Your task: Print only the lines below from the one with "ГлавнаяИсполнителиВиктор Аргонов ProjectНесбыточный" to the one with "A Louis XV ormolu", both included, exactly as they stand. Leave pictures out.

Data extract:
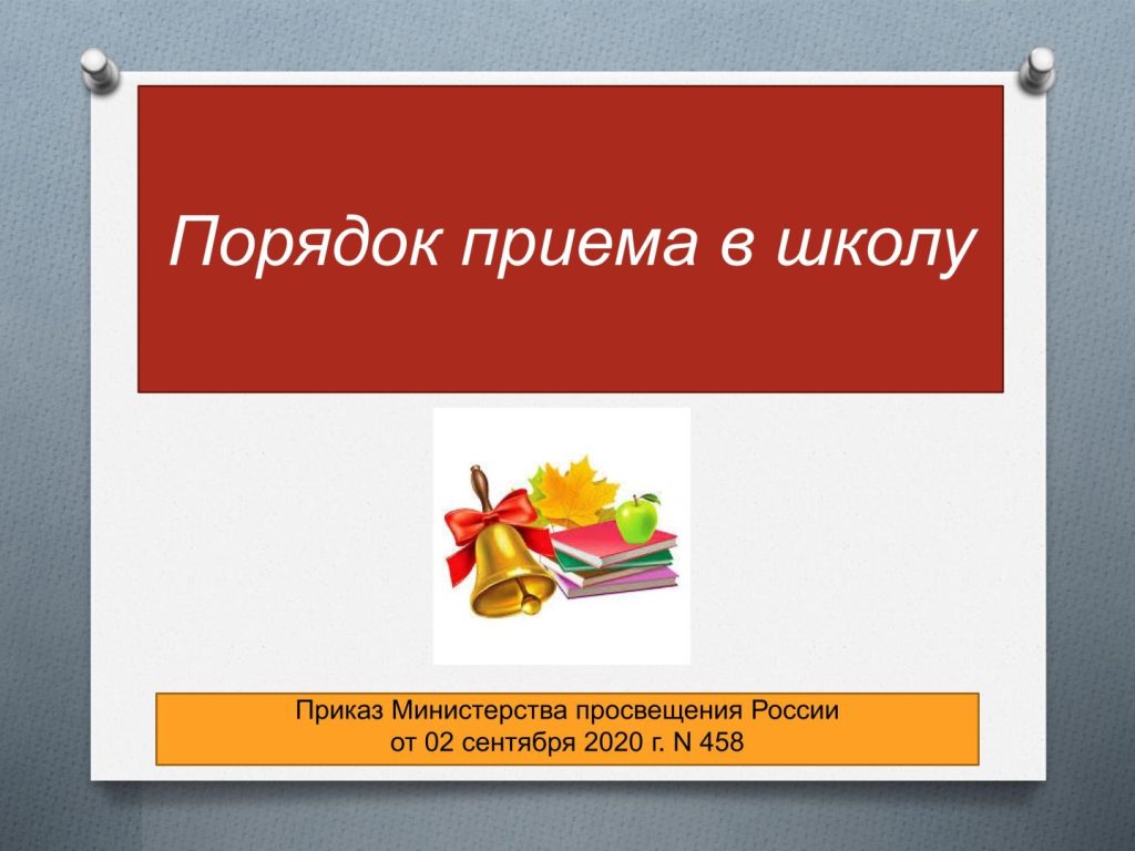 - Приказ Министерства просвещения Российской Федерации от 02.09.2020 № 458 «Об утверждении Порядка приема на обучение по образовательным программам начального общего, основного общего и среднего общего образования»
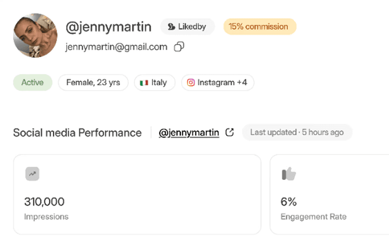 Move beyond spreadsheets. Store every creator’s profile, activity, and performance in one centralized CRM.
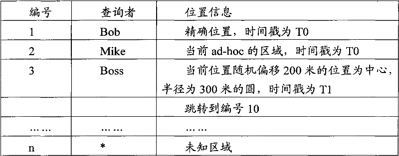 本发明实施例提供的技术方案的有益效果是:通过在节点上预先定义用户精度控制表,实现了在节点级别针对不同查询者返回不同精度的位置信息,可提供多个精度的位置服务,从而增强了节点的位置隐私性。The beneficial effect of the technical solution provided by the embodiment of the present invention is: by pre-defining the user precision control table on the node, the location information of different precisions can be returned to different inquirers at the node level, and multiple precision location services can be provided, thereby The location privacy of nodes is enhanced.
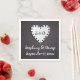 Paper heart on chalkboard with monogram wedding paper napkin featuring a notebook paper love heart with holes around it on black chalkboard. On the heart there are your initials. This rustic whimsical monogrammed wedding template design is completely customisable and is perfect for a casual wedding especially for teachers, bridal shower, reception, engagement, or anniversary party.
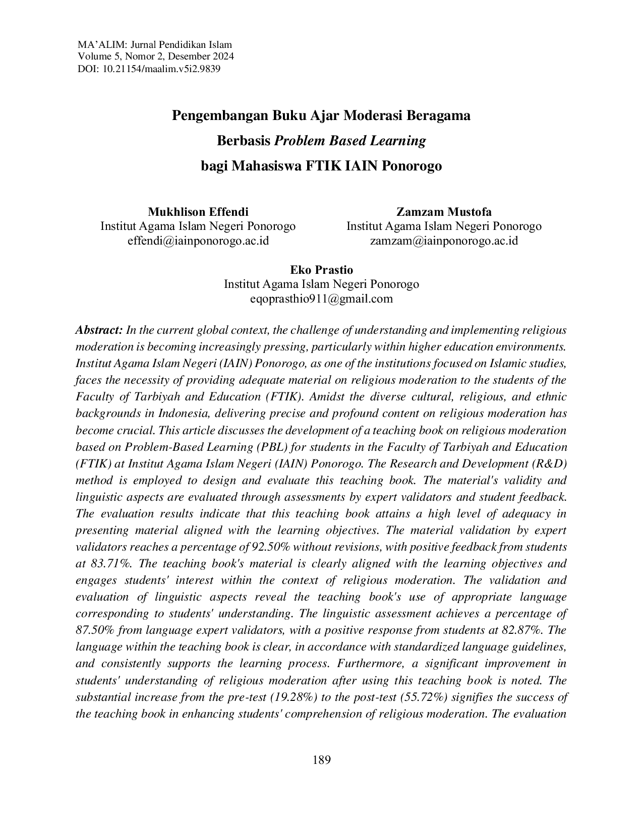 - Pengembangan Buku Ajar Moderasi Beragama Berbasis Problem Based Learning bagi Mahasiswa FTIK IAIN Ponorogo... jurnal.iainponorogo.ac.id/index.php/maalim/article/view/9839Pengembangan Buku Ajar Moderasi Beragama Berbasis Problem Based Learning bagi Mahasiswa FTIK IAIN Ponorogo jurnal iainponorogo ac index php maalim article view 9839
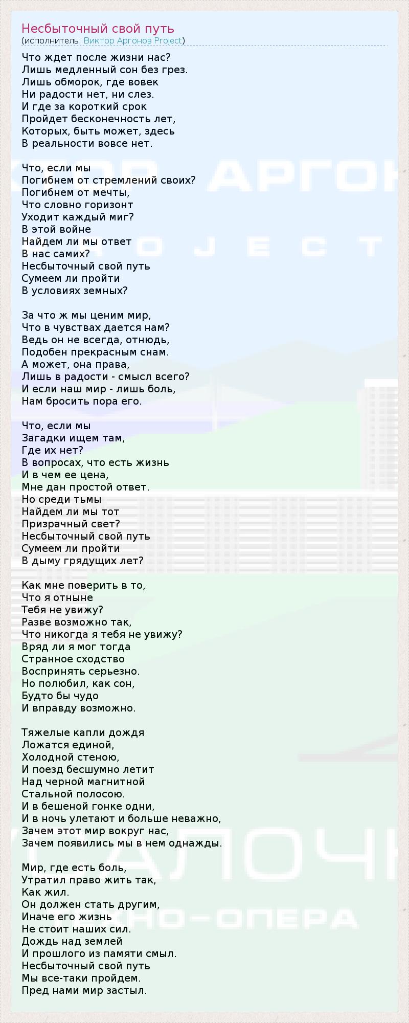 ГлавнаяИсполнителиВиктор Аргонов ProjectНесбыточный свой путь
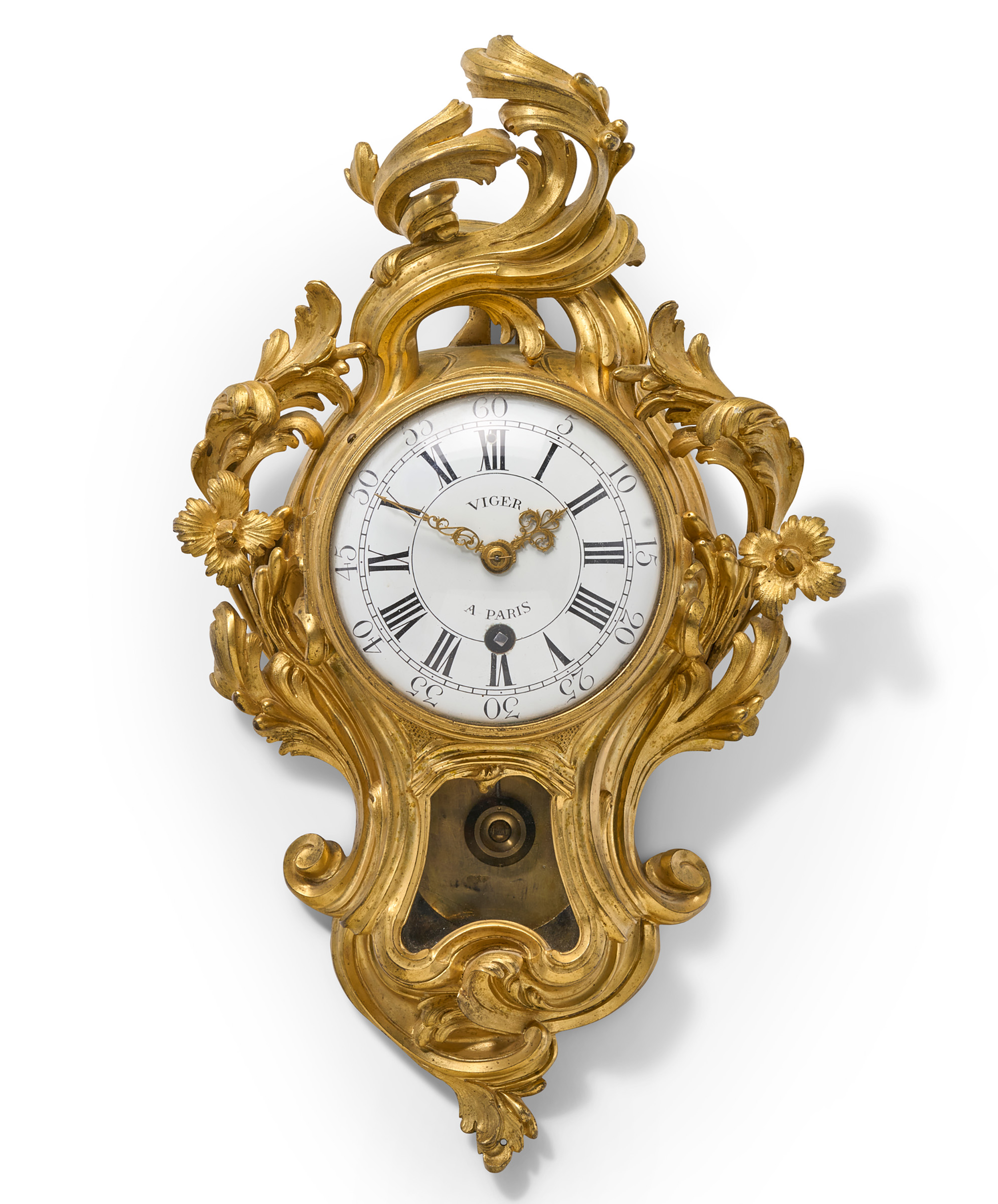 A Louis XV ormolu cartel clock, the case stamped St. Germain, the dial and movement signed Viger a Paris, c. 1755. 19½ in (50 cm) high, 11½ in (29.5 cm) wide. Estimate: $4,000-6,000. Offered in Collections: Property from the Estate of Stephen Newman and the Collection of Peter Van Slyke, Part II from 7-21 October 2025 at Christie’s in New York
* * *
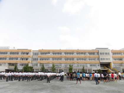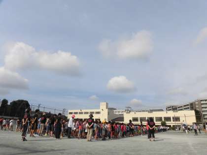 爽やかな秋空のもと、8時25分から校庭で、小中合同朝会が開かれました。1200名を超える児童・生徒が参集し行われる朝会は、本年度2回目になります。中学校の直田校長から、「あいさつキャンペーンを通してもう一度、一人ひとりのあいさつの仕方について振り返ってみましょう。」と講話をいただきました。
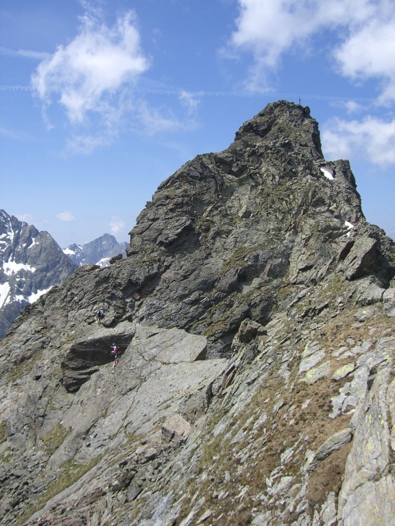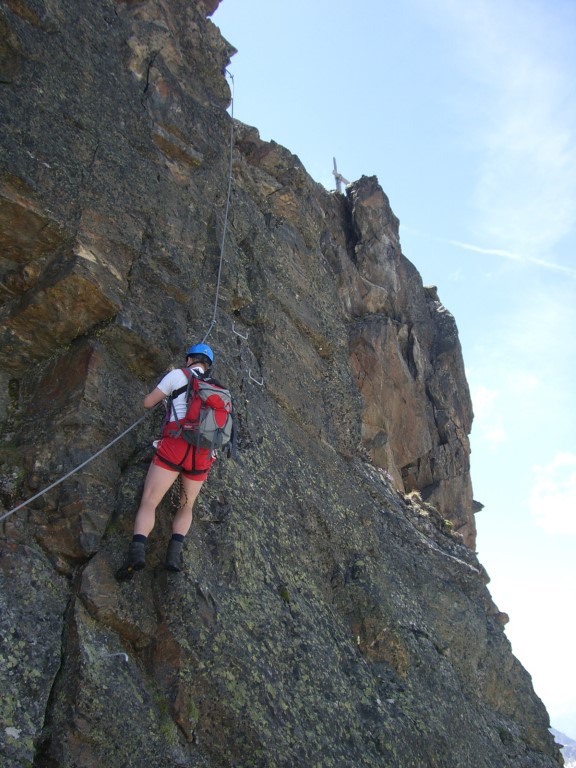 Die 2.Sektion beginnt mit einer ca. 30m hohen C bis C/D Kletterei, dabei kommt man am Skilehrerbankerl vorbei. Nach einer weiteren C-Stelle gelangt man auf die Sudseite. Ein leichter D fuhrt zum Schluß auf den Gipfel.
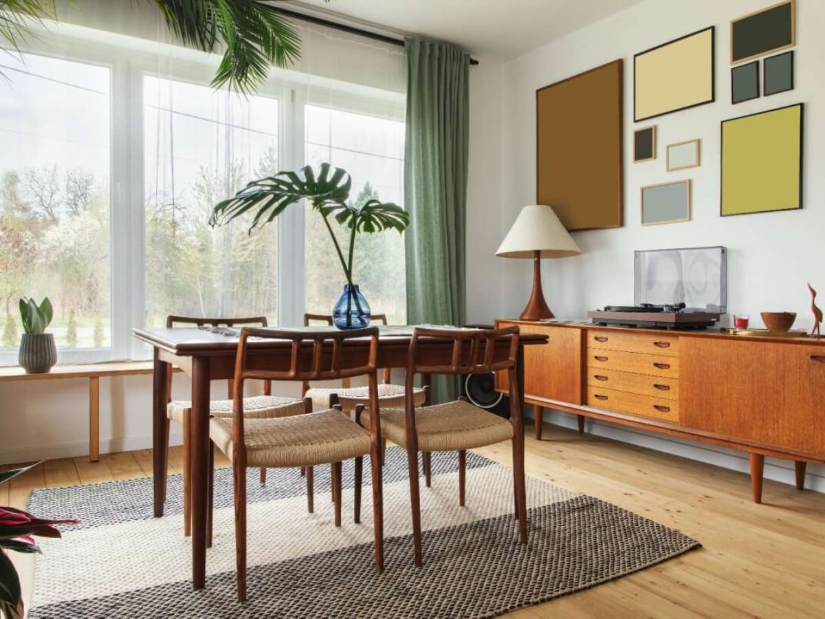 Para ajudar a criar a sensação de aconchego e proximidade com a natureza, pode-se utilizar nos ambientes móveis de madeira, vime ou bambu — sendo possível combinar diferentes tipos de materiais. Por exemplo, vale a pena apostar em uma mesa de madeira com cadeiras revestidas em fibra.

Task solution:
 ГлавнаяИсполнителиВиктор Аргонов ProjectНесбыточный свой путь
 A Louis XV ormolu cartel clock, the case stamped St. Germain, the dial and movement signed Viger a Paris, c. 1755. 19½ in (50 cm) high, 11½ in (29.5 cm) wide. Estimate: $4,000-6,000. Offered in Collections: Property from the Estate of Stephen Newman and the Collection of Peter Van Slyke, Part II from 7-21 October 2025 at Christie’s in New York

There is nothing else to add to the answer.